**Task goal:** Going through the entries below, work out how many lines have the string "that" in them. Give the number and nothing more.

**Records supplied:**
.....

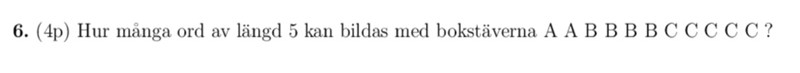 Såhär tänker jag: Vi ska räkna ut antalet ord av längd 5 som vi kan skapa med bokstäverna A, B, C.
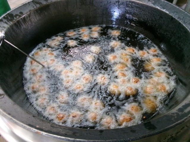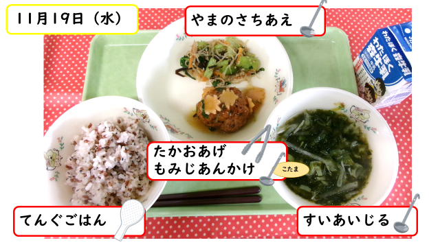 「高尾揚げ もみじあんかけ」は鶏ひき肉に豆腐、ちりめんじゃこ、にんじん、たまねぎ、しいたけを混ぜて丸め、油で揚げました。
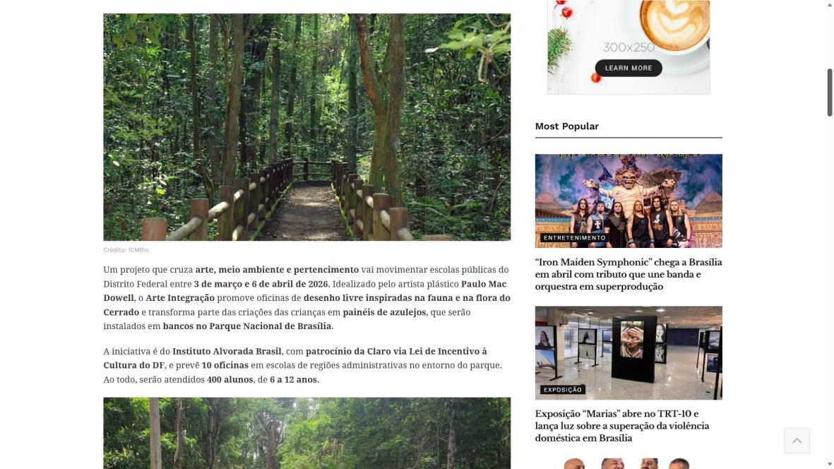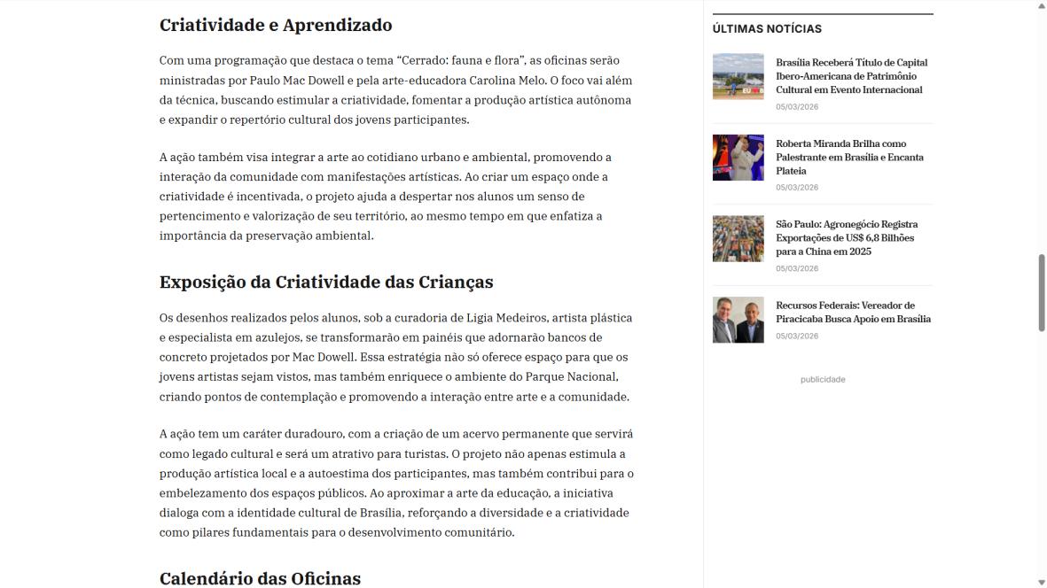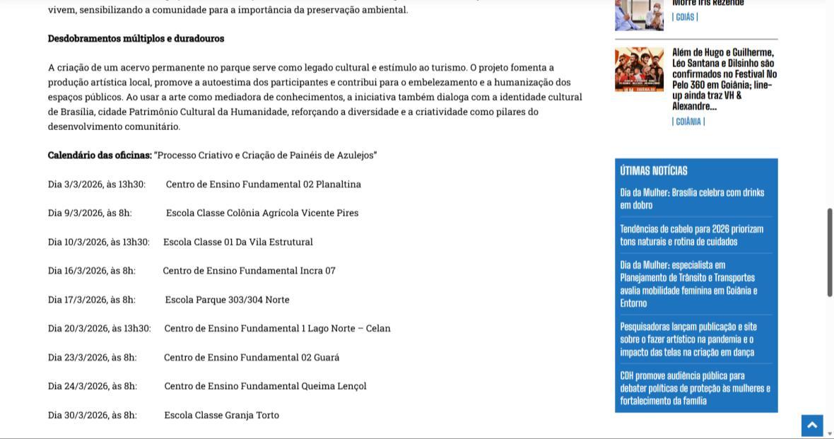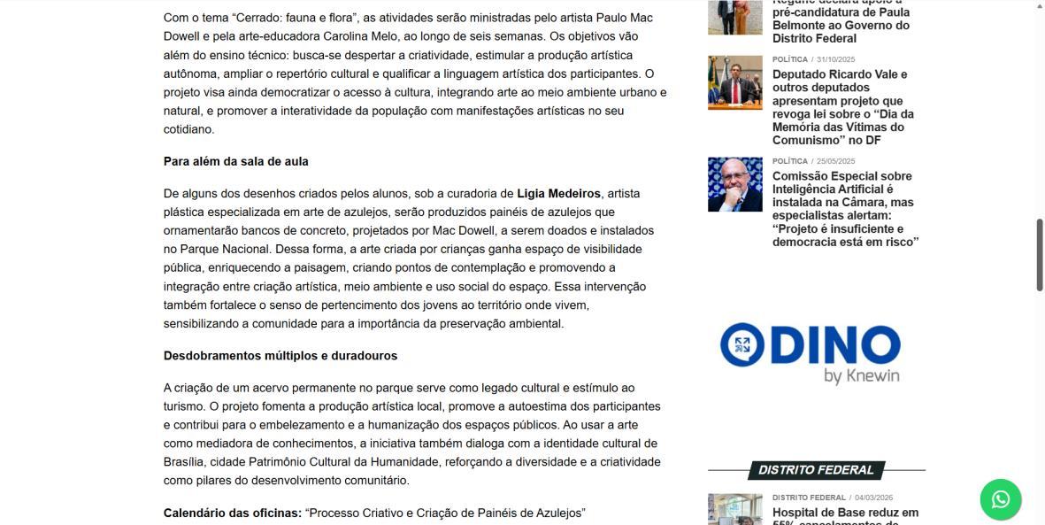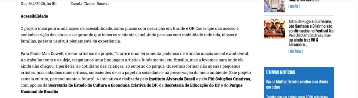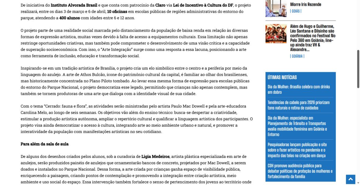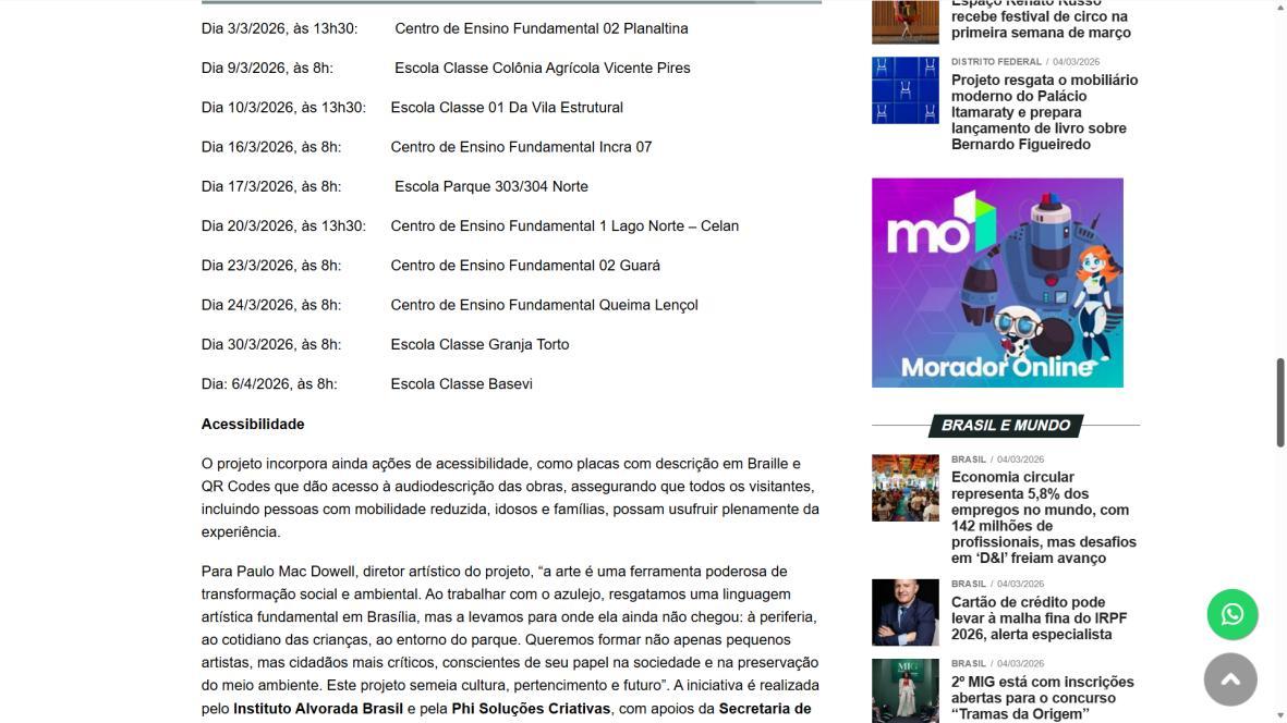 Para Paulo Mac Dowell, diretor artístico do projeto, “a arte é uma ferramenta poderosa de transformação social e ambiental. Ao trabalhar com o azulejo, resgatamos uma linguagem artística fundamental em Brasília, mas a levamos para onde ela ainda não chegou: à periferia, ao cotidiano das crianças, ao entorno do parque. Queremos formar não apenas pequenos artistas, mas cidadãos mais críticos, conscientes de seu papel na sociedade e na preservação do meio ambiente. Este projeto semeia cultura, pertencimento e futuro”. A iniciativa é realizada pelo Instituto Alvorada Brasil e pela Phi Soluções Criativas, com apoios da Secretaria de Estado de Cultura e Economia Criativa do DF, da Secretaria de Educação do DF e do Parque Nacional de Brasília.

.....

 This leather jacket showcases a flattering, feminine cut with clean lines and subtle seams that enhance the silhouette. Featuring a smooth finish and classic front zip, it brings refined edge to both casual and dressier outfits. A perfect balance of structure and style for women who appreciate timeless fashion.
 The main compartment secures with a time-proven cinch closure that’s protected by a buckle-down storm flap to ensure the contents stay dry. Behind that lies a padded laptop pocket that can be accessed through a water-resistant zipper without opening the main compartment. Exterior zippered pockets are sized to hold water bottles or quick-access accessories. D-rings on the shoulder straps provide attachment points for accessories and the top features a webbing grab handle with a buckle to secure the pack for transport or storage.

.....

**Written reply:** 2